*** Opening Information given ***
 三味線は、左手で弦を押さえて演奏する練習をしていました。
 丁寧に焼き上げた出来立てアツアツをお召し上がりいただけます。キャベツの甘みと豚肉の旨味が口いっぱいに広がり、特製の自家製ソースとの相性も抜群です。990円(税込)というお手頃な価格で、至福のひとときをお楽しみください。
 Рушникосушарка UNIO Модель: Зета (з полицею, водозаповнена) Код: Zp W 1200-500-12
*** Closing Information given ***
*** Opening Information given ***
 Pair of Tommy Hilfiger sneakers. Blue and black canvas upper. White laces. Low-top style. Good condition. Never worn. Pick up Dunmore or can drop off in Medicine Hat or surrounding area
*** Closing Information given ***
*** Opening Information given ***
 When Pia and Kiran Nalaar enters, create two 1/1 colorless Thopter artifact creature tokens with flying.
*** Closing Information given ***
### Exercise brief
Find the line with "丁寧に焼き上げた出来立てアツ" in the material above. Reproduce it and each line after it up to and including the line with "Рушникосушарка UNIO Модель: Зета".

### Task output
 丁寧に焼き上げた出来立てアツアツをお召し上がりいただけます。キャベツの甘みと豚肉の旨味が口いっぱいに広がり、特製の自家製ソースとの相性も抜群です。990円(税込)というお手頃な価格で、至福のひとときをお楽しみください。
 Рушникосушарка UNIO Модель: Зета (з полицею, водозаповнена) Код: Zp W 1200-500-12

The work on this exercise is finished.